Driver in trooper fatality was distracted, not intoxicated
- Photo Illustration

Photo Illustration
CANFIELD — An initial report on the Oct. 16 crash that killed Ohio State Highway Patrol Trooper Nicholas Cayton indicates the driver of the truck that hit the back of his cruiser was not intoxicated but “distracted.”
The section of the patrol’s report involving distraction does not specify some of the common types of distraction, such as texting or talking on the telephone. It indicates the distraction was “unknown” or “other.”
The report lists the driver of the truck as Ryan M. Rach, 35, of Canfield, and states the vehicle he was driving was a flatbed truck owned by Quaker City Concrete Products of Leetonia. Rach has no new charges on file in the online county courts database.
The report identifies Rach and the vehicle he was driving as being the “unit in error” in the crash. It states that Rach was “changing lanes” as part of the accident. The trooper who completed the report indicated that a contributing circumstance in the crash was Rach “following too close.”

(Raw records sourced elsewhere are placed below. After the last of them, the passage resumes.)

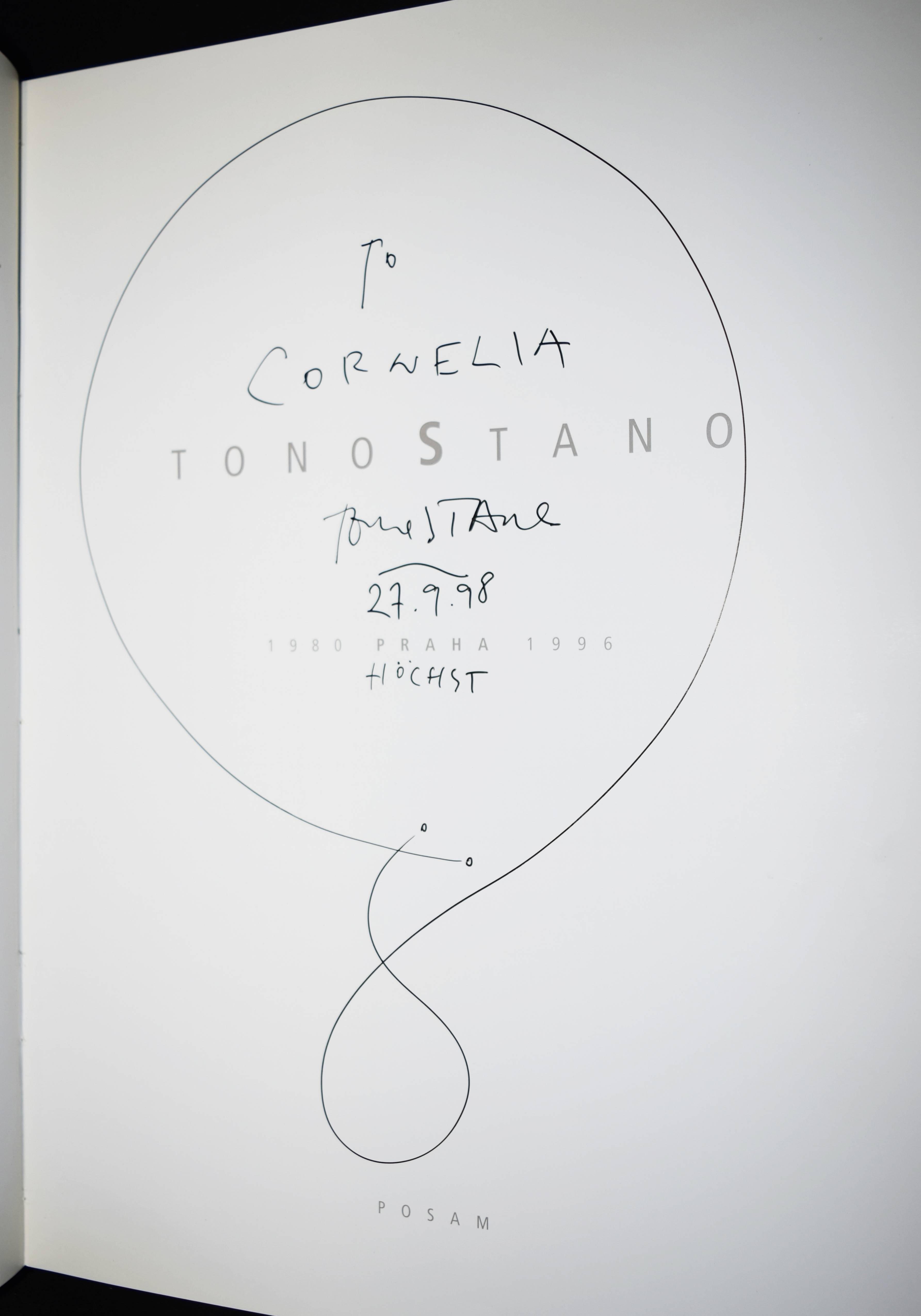 Stano, Tono. (Fotografie – Photographs). 1980-1996. Praha (Prag), PosAm (1998). Folio (43 x 32 cm.). 113, (1) S. mit 102 Duotone-Tafeln. Orig.-Leinenband mit illustr. Schutzumschlag. Mit eigenhändiger Widmung von T. Stano auf dem Titelblatt „To Cornelia, Tono Stano, 27.9.98 Höchst“. – „Der tschechische Künstler Tono Stano zählt weltweit zu den bedeutendsten Photographen der Gegenwart“ (Galerie Pintner, Frankfurt am Main zur Ausstellung 29. 9. – 28. 11. 1998). – „Geboren am 24. März 1960 in Zlate Moravce (Tschechoslowakei). Studierte von 1975 bis 1979 an der Höheren Kunstgewerbeschule in Bratislava und anschließend Photographie an der Prager Filmfakultät. An dieser Hochschule kam es zur Bildung einer Schule junger Photographen, die eine neue Art inszenierter Photographie entwickelten. Charakteristisch für ihr Schaffen sind Phantastische Szenerien mit Modellen im Atelier. Sie sind gekennzeichnet von Humor, Ironie und hintergründigen Metaphern, beziehen sich aber auch oft auf mythologische Traditionen. Häufig thematisieren diese Arbeiten das Problem menschlicher Beziehungen und Sexualität. Tono Stano ist innerhalb dieser Gruppe derjenige, der in seinen Bildern am stärksten reduziert. Er verzichtet auf erzählerische Momente und konzentriert sich auf eine zurückhaltende Bildsprache und einfache Symbole“ (Reinhold Mißelbeck, Photographie des 20. Jahrhunderts, Museum Ludwig Köln). – Sehr gutes Exemplar.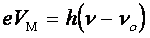 определяет наименьшую частоту фотоактивных фотонов (красную границу фотоэффекта для данного катода). Уравнение (2) теперь можно записать в виде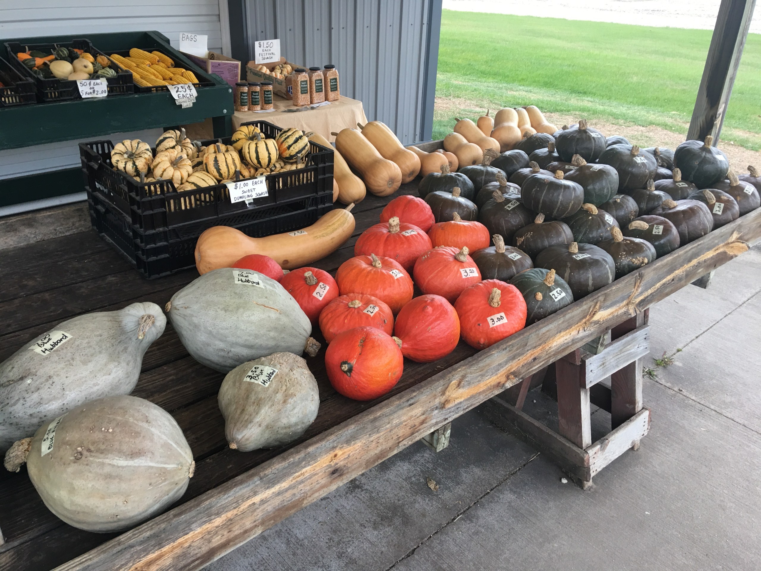 We have many varieties of squash, pie pumpkins, potatoes, gourds, and squirrel corn available.

None of the other drivers and their vehicle were listed as having any “contributing circumstance” in the crash. Trooper Steven Tucci, an accident reconstructionist, is listed as the officer responsible for the report.
The information provided in a news release by the patrol was that Cayton was struck while in his cruiser by a truck on Ohio 11 south of U.S. 224 in Canfield. He was assisting a disabled commercial vehicle at the time of the crash.
A news release stated that Cayton, 40, responded to Ohio 11 northbound following a report of a disabled 2024 Kenworth semi tractor-trailer in the right lane. Upon making contact with the driver, Nelson De Jesus Herrera Vasquez, 65, of Florida, it was determined that the Kenworth had struck an item in the road.
The release states Cayton was sitting in his cruiser with its emergency overhead lights activated when a northbound 2007 Mack Granite, driven by Rach, crashed into the back of the cruiser.
The cruiser traveled forward into the back of Vasquez’s disabled tractor-trailer, also striking Vasquez, who was standing outside of his vehicle. Cayton was pronounced dead at the scene. Vasquez was taken by helicopter to a nearby hospital for treatment. Media accounts have indicated that Vasquez suffered serious injuries.
The state patrol crash report contains only a description of the movement of the vehicles, not an account of what any of the witnesses told investigators.
At Cayton’s funeral at Beeghly Center on the campus of Youngstown State University, he was honored by Gov. Mike DeWine and other state officials, as well as people who knew him on a more personal level, for his love of his family and for his service — as a state trooper and as an Ohio National Guardsman deployed in Afghanistan and Iraq. About 1,000 people attended his service, many of them fellow police officers.